Although I agree with some of your observations and sentiment regarding Accucraft, the RH is probably one of their better models. Certainly, the quality of some components has been a well discussed topic as has the lack of manuals among many of things. Accucraft has, with some measure and with some frequency, cut corners to provide a very attractive and usually reasonably priced model. To many, this has been a reasonable and worthwhile trade-off. To others, like yourself, their manufacturing quality standards fall somewhere close to the fraudulent zone...

As David Leech points out above, their service, where non-design failures are involved, is excellent. Mr Cliff here in the US is a very responsive and helpful chap. In this space, I might venture to say---they exceed Aster's service..Being a bit of an Aster snob myself, it is difficult for me to say that... You might try him and see what he might suggest. Good luck.
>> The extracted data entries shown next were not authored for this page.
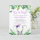 Adorable purple girl elephant baby shower invitation design featuring watercolor tropical leaves and baby elephant.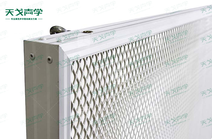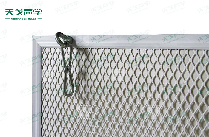 金屬網(wǎng)狀空間吸聲體是一種懸掛在頂棚具有高效吸收性能的吸聲材料。金屬網(wǎng)狀空間吸聲體一般水平或者垂直吊掛。金屬網(wǎng)狀空間吸聲體面積占頂棚總面積的30%-45%時,其材料的吸聲性能是其他聲學(xué)材料吸聲性能的2倍。
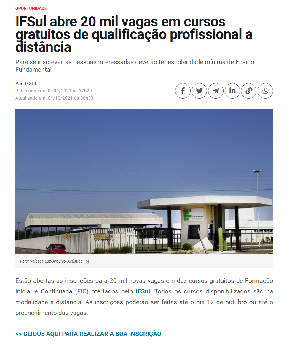Acústica FM - IFSul abre 20 mil vagas em cursos gratuitos de qualificação profissional a distância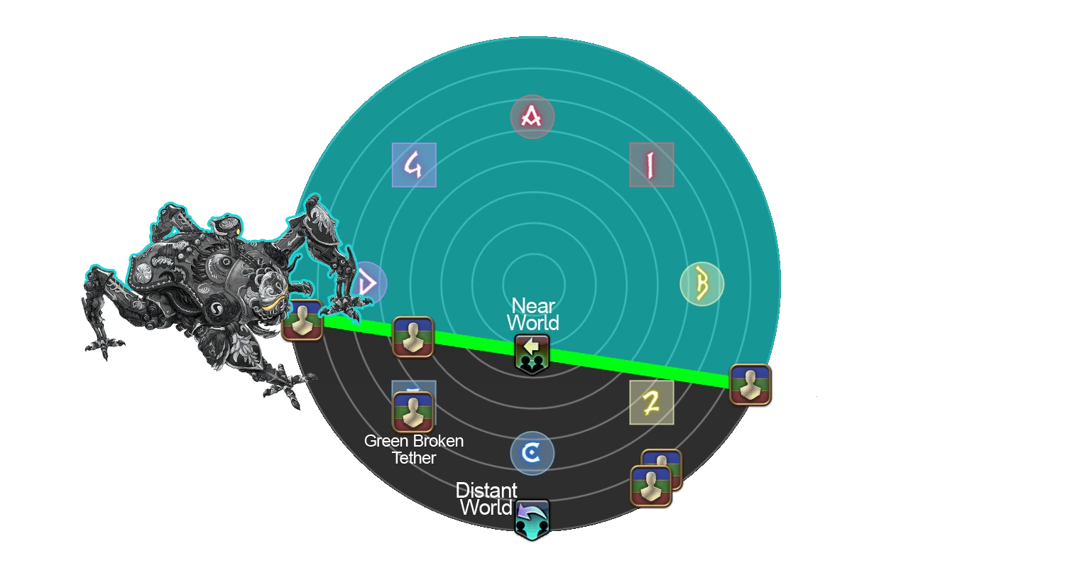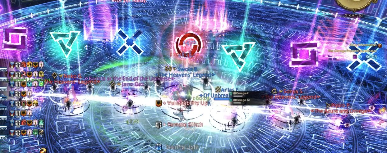 At the beginning of Sigma, each player will be assigned 1 of 4 symbols and be inflicted with Mid Glitch or Remote Glitch, identical to Party Synergy. Two players will also be assigned a Hello, Distant World and Hello, Near World debuff. Two Arms will then spawn eitherside of a random cardinal/intercardinal and attach tethers to the two furthest players away from them. Directly opposite this is where Omega-M will spawn, where the party will move to line up as seen in the MUR cheatsheet.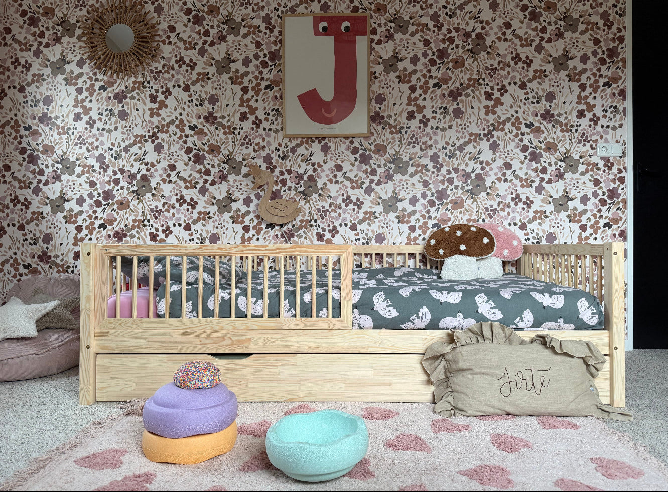 Dieses Juniorbett macht den Wechsel vom Babybett zum Kinderbett zum Kinderspiel. Der abgerundete Zaun verleiht dem Bodenbett im Montessori-Stil ein Gefühl von Komfort und Sicherheit. Ein toller Treffpunkt für die Kleinen zum Spielen und Schlafen. Und trotzdem stylisch.

By the way, this was not meant as a slight on Aster service. They have also been excellent throughout the years...


----------



## Kovacjr (Jan 2, 2008)

Speaking with Cliff just recently he has yet to hear about this issue. Please do call him and he will repair the loco for you. Being you already dropped the driver its a simple repair at Accucraft.

His number is 510-324-3339, just ask for Cliff


----------



## David Leech (Dec 9, 2008)

Kovacjr said:


> As you have not signed the post we don't know where you are but I can tell you if you needed rods that Cliff would get them supplied to you had you contacted him. I have not seen any wear this deep but have seen it in the past on some locos that were not oiled sufficiently causing the dirt to grind into the rods and impregnate the rod hardening the surface and wearing out the cranks. Do you run on elevated tracks? On the ground? When have you cleaned the grime and grit from the loco running gear?


Jason,
MR Magoo appears to be a Wayne Robertson (at least that is the name on the videos but maybe not Mr Magoo) who lives in Mannering Park, New South Wales in Australia, so maybe they don't get good Accucraft service down under.
His pictures and videos of running his trains show a nicely built elevated and in ground railway.
I finally managed to find a way to open his photo and find his site.
Is it ALL the crank pins that are this way, or just this one?
If it is just this one, I wonder if a rod bushing was missdrilled causing it to be just tight enough to cause this wear?
Cheers,
David Leech, Delta, Canada


----------



## Chris Scott (Jan 2, 2008)

David, Jason;
Accucraft uses bronze bushings on the connecting rods. 
How does a bronze bushing cause this steel crank pin wear? 
Particularly in just 16 hours running time (photo note) Mr Magoo's say that this damage occurred.
We have no photos of the connecting rods to see the condition of the rod and its bushings.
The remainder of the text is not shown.